Some major New York book publishers receive over 10,000 unsolicited manuscripts a year, out of which they may publish one or two. Today, it’s the sales department that decides what’s going to be published. It has less to do with the writing and more to do with the profit potential if a book gets published or not.

The average high-circulation magazine receives approximately 200 manuscripts a month. Some contend that the odds of selling to those outlets are overwhelmingly difficult. That's not necessarily so. If you’re a mediocre writer, then yes, you don’t have a chance in hell. But if you’re a more than competent writer, the chances of you selling are far greater. Perhaps only 20 of those 200 manuscripts will be good enough for an editor to take the time to read them.

Bear in mind that the flood of material that washes over editors' desks in publishing houses and magazine offices, in newspaper and syndicate offices, in television and movie producers' studios, consists mostly of badly written material. Well-conceived, well-written, and well-targeted material is scarce. Currently marketable material is even less available. The trend-setting story or article series is an absolute rarity.

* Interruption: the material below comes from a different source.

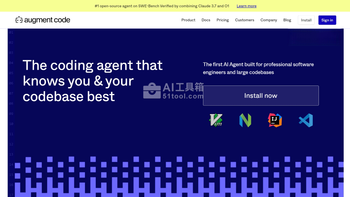 - 安装插件:根据使用的 IDE,选择安装对应的插件。Augment Code支持VS Code、JetBrains、Vim等。
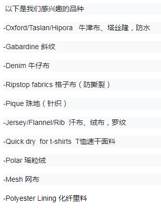 面料采购信息

Keep the following thought uppermost in your mind as you approach each new and potentially successful day: The many benefits of the freelance life and riches from your writing efforts, like the gold that lies under the mountains, come to those with the knowledge and ability to dig in the right places, the proper tools, and the overriding ambition to find it despite the often back-breaking work that's required. If you’re one of those 70,000 freelance writers, then you’ve made it.